SO LONG, SEE YOU TOMORROW by William Maxwell

A few pages into this book, I started to wonder if I’d read something by this author before. And indeed I had, THEY CAME LIKE SWALLOWS, a memoir about the author’s mother dying of the Spanish Flu. What tipped me off was first the style, and second the fact that the narrator’s mother had just died of Spanish Flu.

Bizarrely, what the child narrator is narrating to us is a real-life murder from his home town. A man’s wife falls in love with his best friend, and leaves him in an ugly and very public divorce. He murders his friend, cuts off the corpse’s ear (?) and then drowns himself. The perspective changes from the child’s, to various of the adult’s, to a dog’s. The dog’s part is by far the saddest.

I admired this book greatly, but at the same time didn’t enjoy it. It was just kind of sad and I wasn’t sure what I gained from it.

SATURDAY NIGHT AND SUNDAY MORNING by Alan Sillitoe

I am always struck by how vanishingly rare it is to read a book by a working class person before about 1950.  Here is one.  It’s a hair raising account of heavy boozing and factory work in Nottingham, and you know all you need to know when I tell you this book is where the expression ‘Don’t let the bastards get you down’ comes from.  Try this sample:

“Factories sweat you to death, labour exchanges talk you to death, insurance and income tax offices milk money from your wage packets and rob you to death. And if you’re still left with a tiny bit of life in your guts after all this boggering about, the army calls you up and you get shot to death. . . .  Ay, by God, it’s a hard life if you don’t weaken, if you don’t stop that bastard government from grinding your face in the muck, though there ain’t much you can do about it unless you start making dynamite to blow their four-eyed clocks to bits.”
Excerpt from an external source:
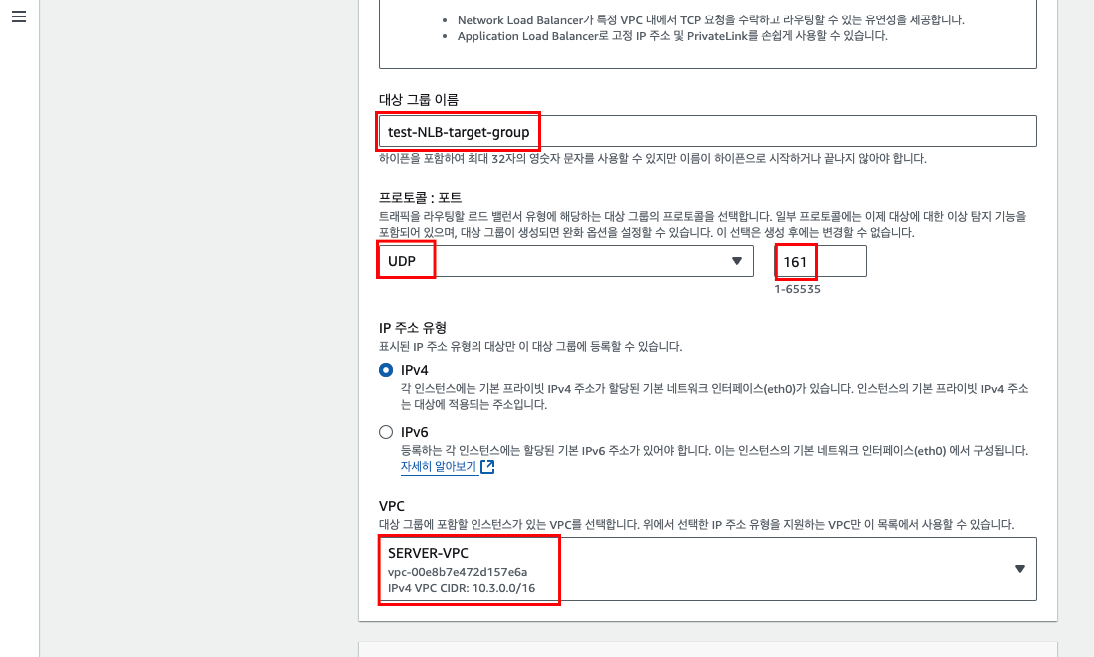- 인스턴스 선택 → 대상 그룹 이름 입력 → 프로토콜: UDP 선택 → 포트: 161 입력 → SERVER-VPC 선택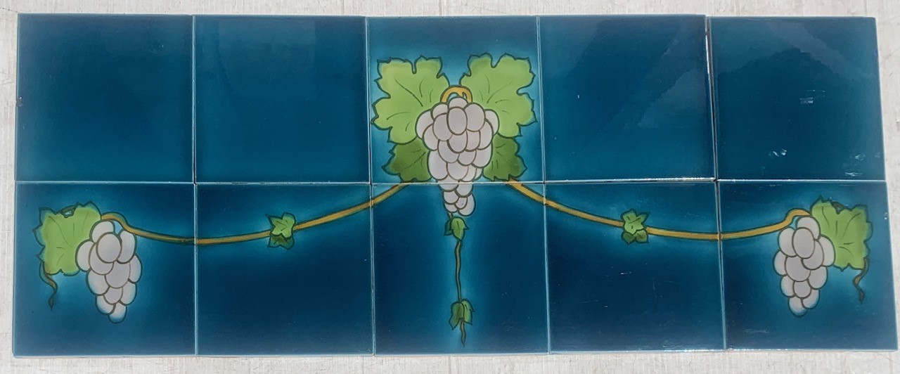SOLD Rare JH Barratt and Co. England. decorative tile panel produced between 1910 and 1926. hand slip-trailed outline. soft lavender grapes with leaves and vine on mid to deep blue background. Suit wall feature / washstand. Length 769 x height 307 x tile thickness 10mm. (SET488) $540

‘It’s a hard life if you don’t weaken!’  I love that

This author began life as a factory worker, but then married a poet and used his army pension to move to Spain to write.   I was touched to hear he wrote this under a lemon tree at Robert Graves’ house, who was the person who encouraged him to write the life he knew.  I love Graves’ GOODBYE TO ALL THAT,  a wonderful book about binning your life and becoming a bohemian, and it was sweet to meet him at second-hand through this other writer. 

THE WALL by John Lanchester

In this book set in the far (near?) future, England is surrounded by a wall which is perpetually guarded against ‘the enemy’ who are desperate to get in. 

The exact situation is not described, but you get the impression there has been a massive raise in sea levels globally, and that the enemy is desperate climate migrants.  Much of the book is a straightforward adventure / romance story, focused on one man who is serving his mandatory two years on the wall.  SPOILER His unit allows an incursion, so they are all set adrift in the ocean.  Despite it not really going anywhere in terms of plot after this, I still found it a compelling story of an all-too-possible world.  Probably my favourite part was how it was well understood by the entire culture that the older generation was entirely at fault and they were ostracized appropriately. 

FUNNY STORY by Emily Henry

This is fun genre romance. I have never been much of a reader of genre fiction, but I like this lady Emily Henry. She writes quick, funny novels that make a vacation fly by. She is an enormous best seller, and I was interested to read how she thinks about the ‘romance genre’ tag. See below, from CBC. It is continually weird that somehow Stephen King (genre: thriller) is so much more respectable than any female genre writer I can think of

For Henry, it’s important to call herself a romance writer because she’s tired of people looking down on the genre and dismissing its value. 

“There is still a lot of snobbery around the genre and I find it really bizarre because it’s one of the very few genres that is so centered on women,” she says. “Obviously, it’s not just for or about women, but the authorship is dominated by women, the readership is dominated by women and I just don’t think it’s really a coincidence that it’s the genre that gets dismissed so readily…. Romance is so significant because it values women’s stories.”

MONEY by Martin Amis

This was one of the more famous books of the 1980s. I cannot say I am feeling it. It tells the story of an author whose book is being made into a movie. He has an alcohol problem and rolls joyfully/miserably through various excesses of his private and professional life. It is a novel of voice, the exuberant voice of the alcoholic, and I think we are supposed to be shocked and titillated by how transgressive he is. A woman at a bar is a ‘big bim,’ he has lots of thoughts on black New Yorkers, etc. I just found it kind of snore.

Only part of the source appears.